_TASK BRIEF_
Exactly what is written in the records below should be returned, minus the images.

(Items from a dataset)
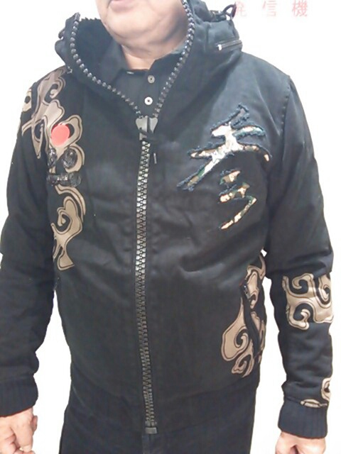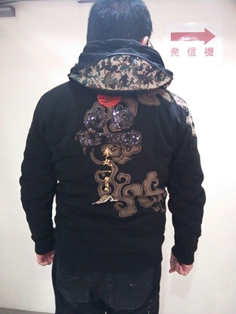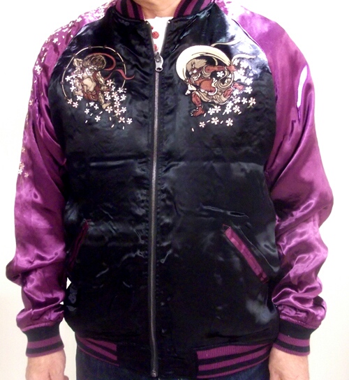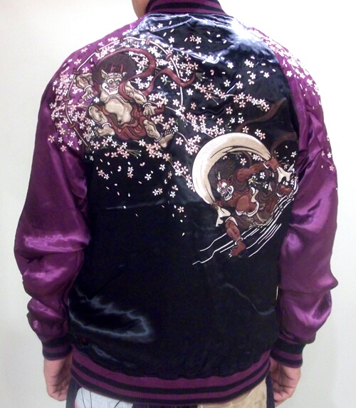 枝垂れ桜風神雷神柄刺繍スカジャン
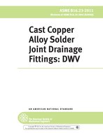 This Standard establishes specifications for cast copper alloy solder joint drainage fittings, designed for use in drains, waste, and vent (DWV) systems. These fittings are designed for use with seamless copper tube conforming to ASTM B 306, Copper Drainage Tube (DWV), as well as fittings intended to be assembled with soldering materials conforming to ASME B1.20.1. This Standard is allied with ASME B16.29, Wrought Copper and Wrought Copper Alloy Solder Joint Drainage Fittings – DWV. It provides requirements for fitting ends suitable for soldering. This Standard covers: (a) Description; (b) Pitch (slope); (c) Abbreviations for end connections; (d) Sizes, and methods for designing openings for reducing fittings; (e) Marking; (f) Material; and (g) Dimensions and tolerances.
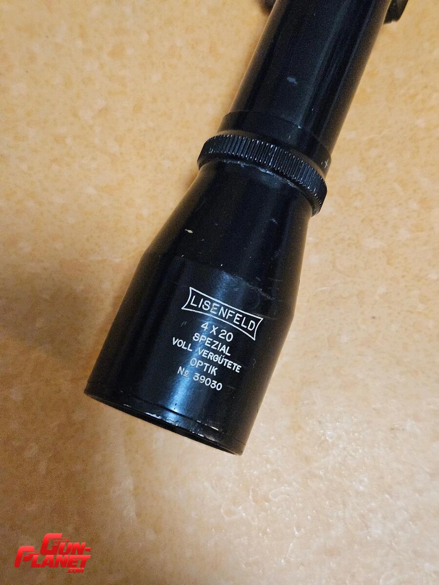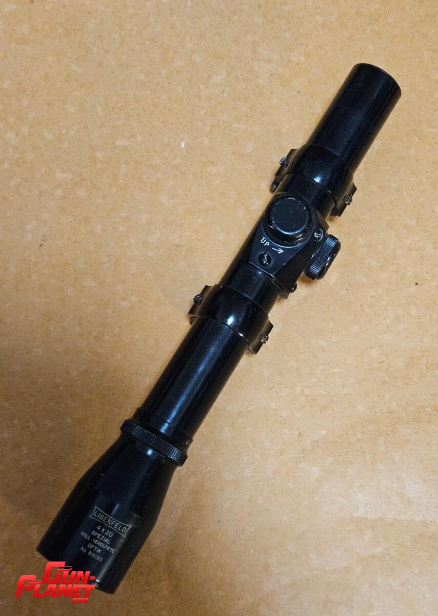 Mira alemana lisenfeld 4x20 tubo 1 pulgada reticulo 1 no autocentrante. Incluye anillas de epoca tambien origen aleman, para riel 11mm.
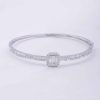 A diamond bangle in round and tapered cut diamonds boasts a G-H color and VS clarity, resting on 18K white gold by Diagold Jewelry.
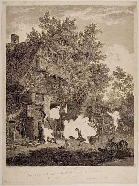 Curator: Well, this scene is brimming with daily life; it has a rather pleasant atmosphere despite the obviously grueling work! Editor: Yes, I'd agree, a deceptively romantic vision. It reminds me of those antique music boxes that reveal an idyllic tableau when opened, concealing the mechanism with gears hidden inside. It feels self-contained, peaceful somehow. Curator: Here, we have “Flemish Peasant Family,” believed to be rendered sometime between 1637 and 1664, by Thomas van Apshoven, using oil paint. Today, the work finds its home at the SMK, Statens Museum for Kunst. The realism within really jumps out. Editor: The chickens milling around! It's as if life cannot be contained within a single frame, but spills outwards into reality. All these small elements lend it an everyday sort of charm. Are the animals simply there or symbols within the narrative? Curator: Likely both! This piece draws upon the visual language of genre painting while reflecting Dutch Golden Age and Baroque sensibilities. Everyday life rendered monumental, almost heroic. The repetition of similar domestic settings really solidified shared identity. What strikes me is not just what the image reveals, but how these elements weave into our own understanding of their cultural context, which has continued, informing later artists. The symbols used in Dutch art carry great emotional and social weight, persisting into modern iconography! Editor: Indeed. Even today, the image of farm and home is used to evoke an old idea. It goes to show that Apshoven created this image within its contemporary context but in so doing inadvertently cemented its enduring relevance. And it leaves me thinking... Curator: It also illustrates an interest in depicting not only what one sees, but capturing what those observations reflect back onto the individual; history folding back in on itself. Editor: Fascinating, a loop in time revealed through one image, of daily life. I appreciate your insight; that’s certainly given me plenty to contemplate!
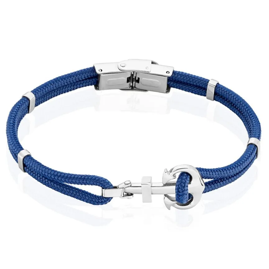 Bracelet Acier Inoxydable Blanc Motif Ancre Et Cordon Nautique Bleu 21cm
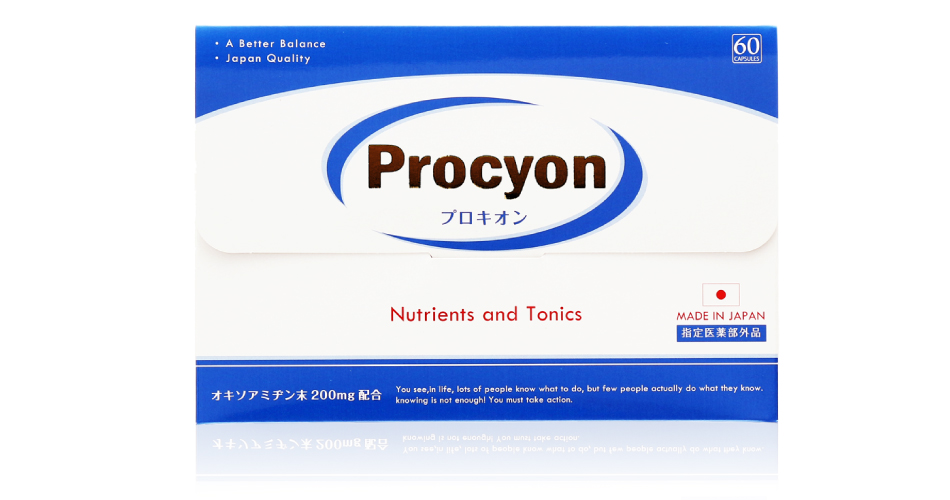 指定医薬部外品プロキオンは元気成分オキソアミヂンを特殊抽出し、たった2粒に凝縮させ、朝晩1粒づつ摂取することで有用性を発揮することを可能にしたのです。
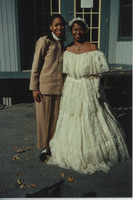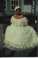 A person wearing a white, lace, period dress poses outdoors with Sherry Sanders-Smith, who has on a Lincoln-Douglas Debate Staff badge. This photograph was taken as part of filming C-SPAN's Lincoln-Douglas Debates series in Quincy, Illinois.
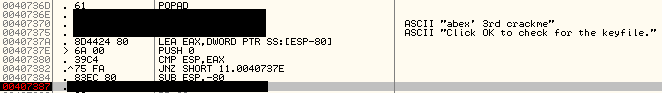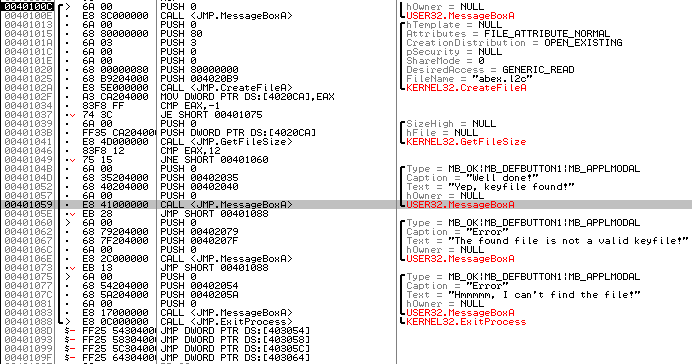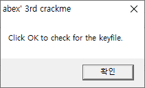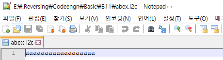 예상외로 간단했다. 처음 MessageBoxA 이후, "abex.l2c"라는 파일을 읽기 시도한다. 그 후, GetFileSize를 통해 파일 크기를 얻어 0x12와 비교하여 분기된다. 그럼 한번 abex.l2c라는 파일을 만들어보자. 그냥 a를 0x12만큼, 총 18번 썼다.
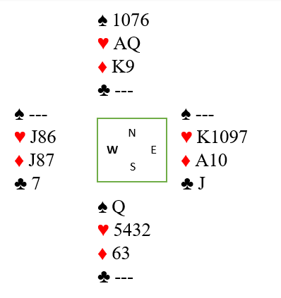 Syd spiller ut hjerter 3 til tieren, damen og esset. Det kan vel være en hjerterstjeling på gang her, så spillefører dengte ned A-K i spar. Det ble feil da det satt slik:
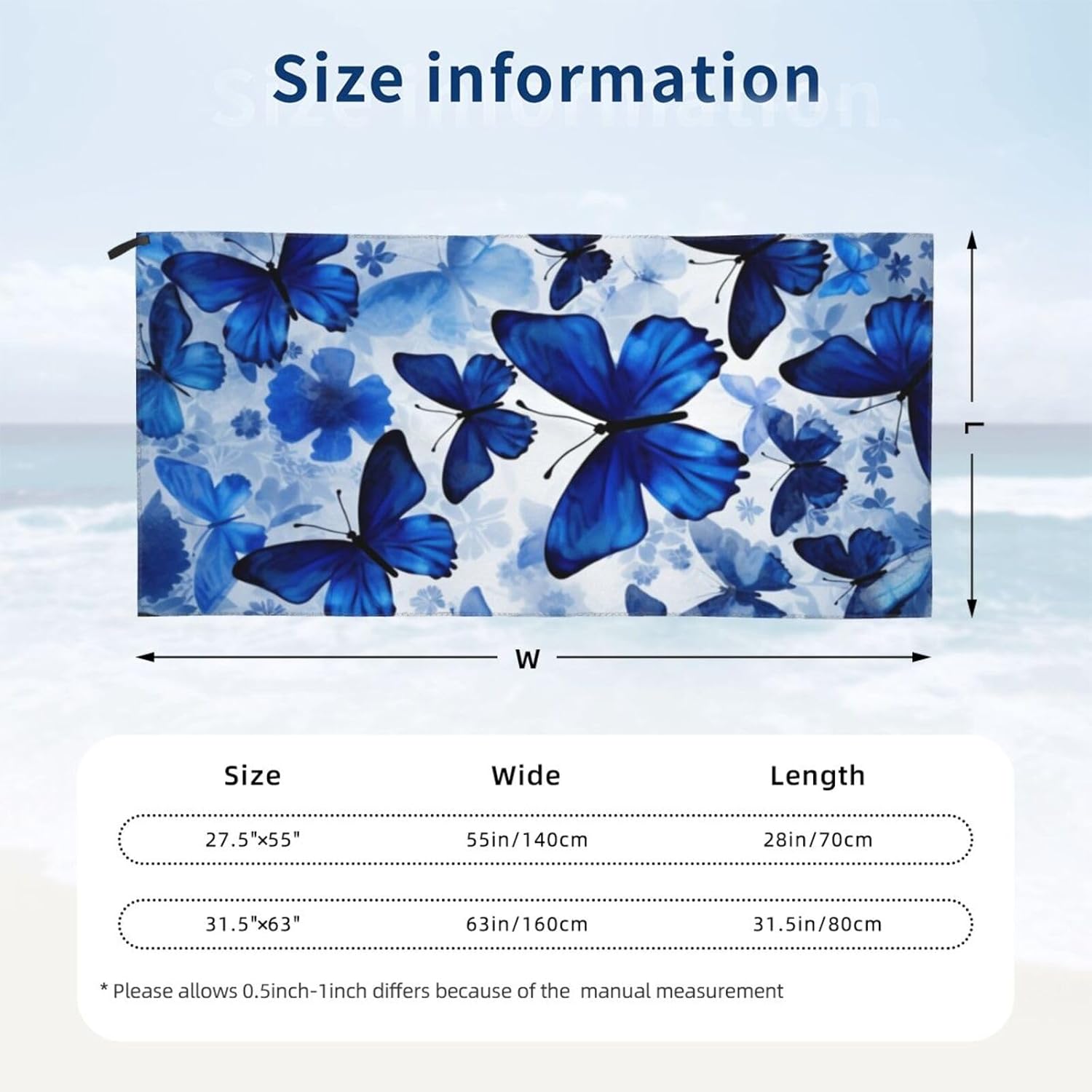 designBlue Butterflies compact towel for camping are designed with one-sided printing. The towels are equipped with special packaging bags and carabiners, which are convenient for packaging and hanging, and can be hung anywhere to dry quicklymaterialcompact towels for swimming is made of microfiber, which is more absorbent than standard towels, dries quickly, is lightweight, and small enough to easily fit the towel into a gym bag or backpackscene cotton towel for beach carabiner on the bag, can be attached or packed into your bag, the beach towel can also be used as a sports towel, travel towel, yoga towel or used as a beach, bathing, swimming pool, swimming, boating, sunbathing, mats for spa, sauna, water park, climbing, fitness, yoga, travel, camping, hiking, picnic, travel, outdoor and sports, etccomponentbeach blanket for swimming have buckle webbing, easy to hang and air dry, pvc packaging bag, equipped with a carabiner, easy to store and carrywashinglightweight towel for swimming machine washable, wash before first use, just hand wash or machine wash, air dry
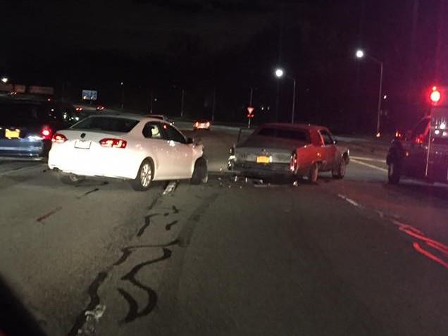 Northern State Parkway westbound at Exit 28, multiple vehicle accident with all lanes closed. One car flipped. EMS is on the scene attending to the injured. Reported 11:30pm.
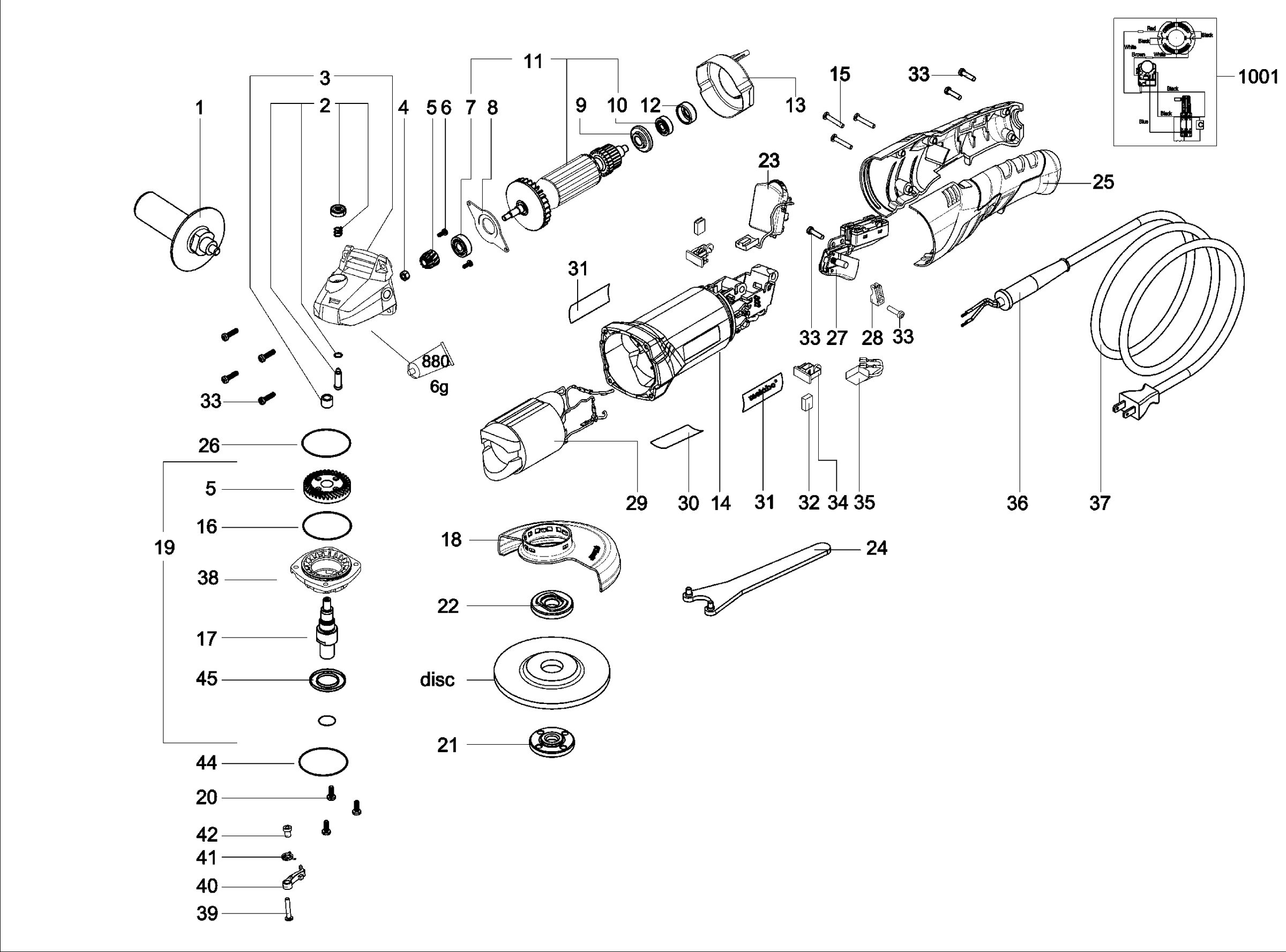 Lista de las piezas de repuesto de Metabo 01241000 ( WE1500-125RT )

_FINISHED TASK_
 枝垂れ桜風神雷神柄刺繍スカジャン
 This Standard establishes specifications for cast copper alloy solder joint drainage fittings, designed for use in drains, waste, and vent (DWV) systems. These fittings are designed for use with seamless copper tube conforming to ASTM B 306, Copper Drainage Tube (DWV), as well as fittings intended to be assembled with soldering materials conforming to ASME B1.20.1. This Standard is allied with ASME B16.29, Wrought Copper and Wrought Copper Alloy Solder Joint Drainage Fittings – DWV. It provides requirements for fitting ends suitable for soldering. This Standard covers: (a) Description; (b) Pitch (slope); (c) Abbreviations for end connections; (d) Sizes, and methods for designing openings for reducing fittings; (e) Marking; (f) Material; and (g) Dimensions and tolerances.
 Mira alemana lisenfeld 4x20 tubo 1 pulgada reticulo 1 no autocentrante. Incluye anillas de epoca tambien origen aleman, para riel 11mm.
 A diamond bangle in round and tapered cut diamonds boasts a G-H color and VS clarity, resting on 18K white gold by Diagold Jewelry.
 Curator: Well, this scene is brimming with daily life; it has a rather pleasant atmosphere despite the obviously grueling work! Editor: Yes, I'd agree, a deceptively romantic vision. It reminds me of those antique music boxes that reveal an idyllic tableau when opened, concealing the mechanism with gears hidden inside. It feels self-contained, peaceful somehow. Curator: Here, we have “Flemish Peasant Family,” believed to be rendered sometime between 1637 and 1664, by Thomas van Apshoven, using oil paint. Today, the work finds its home at the SMK, Statens Museum for Kunst. The realism within really jumps out. Editor: The chickens milling around! It's as if life cannot be contained within a single frame, but spills outwards into reality. All these small elements lend it an everyday sort of charm. Are the animals simply there or symbols within the narrative? Curator: Likely both! This piece draws upon the visual language of genre painting while reflecting Dutch Golden Age and Baroque sensibilities. Everyday life rendered monumental, almost heroic. The repetition of similar domestic settings really solidified shared identity. What strikes me is not just what the image reveals, but how these elements weave into our own understanding of their cultural context, which has continued, informing later artists. The symbols used in Dutch art carry great emotional and social weight, persisting into modern iconography! Editor: Indeed. Even today, the image of farm and home is used to evoke an old idea. It goes to show that Apshoven created this image within its contemporary context but in so doing inadvertently cemented its enduring relevance. And it leaves me thinking... Curator: It also illustrates an interest in depicting not only what one sees, but capturing what those observations reflect back onto the individual; history folding back in on itself. Editor: Fascinating, a loop in time revealed through one image, of daily life. I appreciate your insight; that’s certainly given me plenty to contemplate!
 Bracelet Acier Inoxydable Blanc Motif Ancre Et Cordon Nautique Bleu 21cm
 指定医薬部外品プロキオンは元気成分オキソアミヂンを特殊抽出し、たった2粒に凝縮させ、朝晩1粒づつ摂取することで有用性を発揮することを可能にしたのです。
 A person wearing a white, lace, period dress poses outdoors with Sherry Sanders-Smith, who has on a Lincoln-Douglas Debate Staff badge. This photograph was taken as part of filming C-SPAN's Lincoln-Douglas Debates series in Quincy, Illinois.
 예상외로 간단했다. 처음 MessageBoxA 이후, "abex.l2c"라는 파일을 읽기 시도한다. 그 후, GetFileSize를 통해 파일 크기를 얻어 0x12와 비교하여 분기된다. 그럼 한번 abex.l2c라는 파일을 만들어보자. 그냥 a를 0x12만큼, 총 18번 썼다.
 Syd spiller ut hjerter 3 til tieren, damen og esset. Det kan vel være en hjerterstjeling på gang her, så spillefører dengte ned A-K i spar. Det ble feil da det satt slik:
 designBlue Butterflies compact towel for camping are designed with one-sided printing. The towels are equipped with special packaging bags and carabiners, which are convenient for packaging and hanging, and can be hung anywhere to dry quicklymaterialcompact towels for swimming is made of microfiber, which is more absorbent than standard towels, dries quickly, is lightweight, and small enough to easily fit the towel into a gym bag or backpackscene cotton towel for beach carabiner on the bag, can be attached or packed into your bag, the beach towel can also be used as a sports towel, travel towel, yoga towel or used as a beach, bathing, swimming pool, swimming, boating, sunbathing, mats for spa, sauna, water park, climbing, fitness, yoga, travel, camping, hiking, picnic, travel, outdoor and sports, etccomponentbeach blanket for swimming have buckle webbing, easy to hang and air dry, pvc packaging bag, equipped with a carabiner, easy to store and carrywashinglightweight towel for swimming machine washable, wash before first use, just hand wash or machine wash, air dry
 Northern State Parkway westbound at Exit 28, multiple vehicle accident with all lanes closed. One car flipped. EMS is on the scene attending to the injured. Reported 11:30pm.
 Lista de las piezas de repuesto de Metabo 01241000 ( WE1500-125RT )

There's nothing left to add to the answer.